▶ **Work instruction**: Output all of the data exactly, keeping any images out of the copy.

▶ **Provided data**:
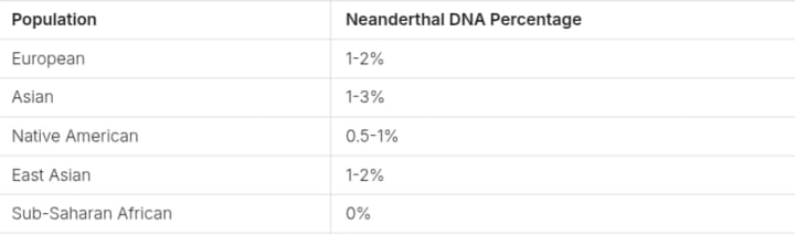 Most people outside Africa have 1-2% of Neanderthal DNA in modern humans. This amount changes in different places and groups.
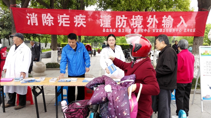 为增强居民疟疾防病知识和自我保护意识,切实保障人民身体健康。4月24日,宝应县血地防办公室、县卫计委、县疾控中心、安宜镇社区卫生服务中心和白田社区服务中心联合在白田北河广场开展第11届疟疾4.26宣传活动,现场悬挂〝消除疟疾:谨防境外输入〞主题横幅,展示戗牌5块,发放疟疾防治知识、《致劳务输出人员一封信》等多种宣传资料,并接受社区居民咨询。专业人员现场耐心讲解输入性疟疾的危害,并告知如有亲友出国劳务回来后,一定要主动采血检查疟原虫,以防患疟疾,宣传活动现场气氛十分活跃。
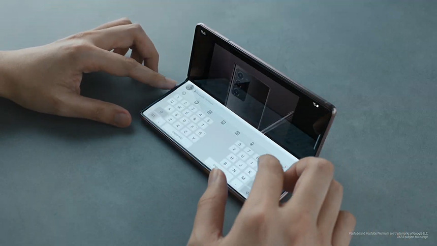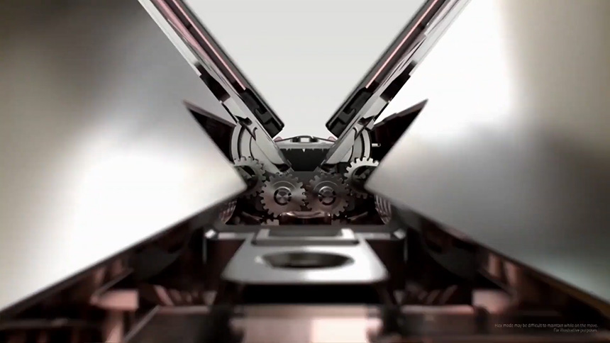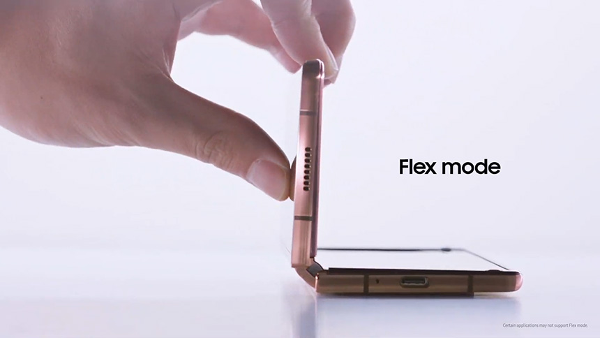 갤럭시 Z 폴드2에 탑재된 하이드어웨이 힌지는 듀얼 CAM 매커니즘으로 제작되었는데 특히 다양한 각도로 디스플레이를 고정할 수 있는 플렉스 모드를 지원합니다.

▶ **Answer box**:
 Most people outside Africa have 1-2% of Neanderthal DNA in modern humans. This amount changes in different places and groups.
 为增强居民疟疾防病知识和自我保护意识,切实保障人民身体健康。4月24日,宝应县血地防办公室、县卫计委、县疾控中心、安宜镇社区卫生服务中心和白田社区服务中心联合在白田北河广场开展第11届疟疾4.26宣传活动,现场悬挂〝消除疟疾:谨防境外输入〞主题横幅,展示戗牌5块,发放疟疾防治知识、《致劳务输出人员一封信》等多种宣传资料,并接受社区居民咨询。专业人员现场耐心讲解输入性疟疾的危害,并告知如有亲友出国劳务回来后,一定要主动采血检查疟原虫,以防患疟疾,宣传活动现场气氛十分活跃。
 갤럭시 Z 폴드2에 탑재된 하이드어웨이 힌지는 듀얼 CAM 매커니즘으로 제작되었는데 특히 다양한 각도로 디스플레이를 고정할 수 있는 플렉스 모드를 지원합니다.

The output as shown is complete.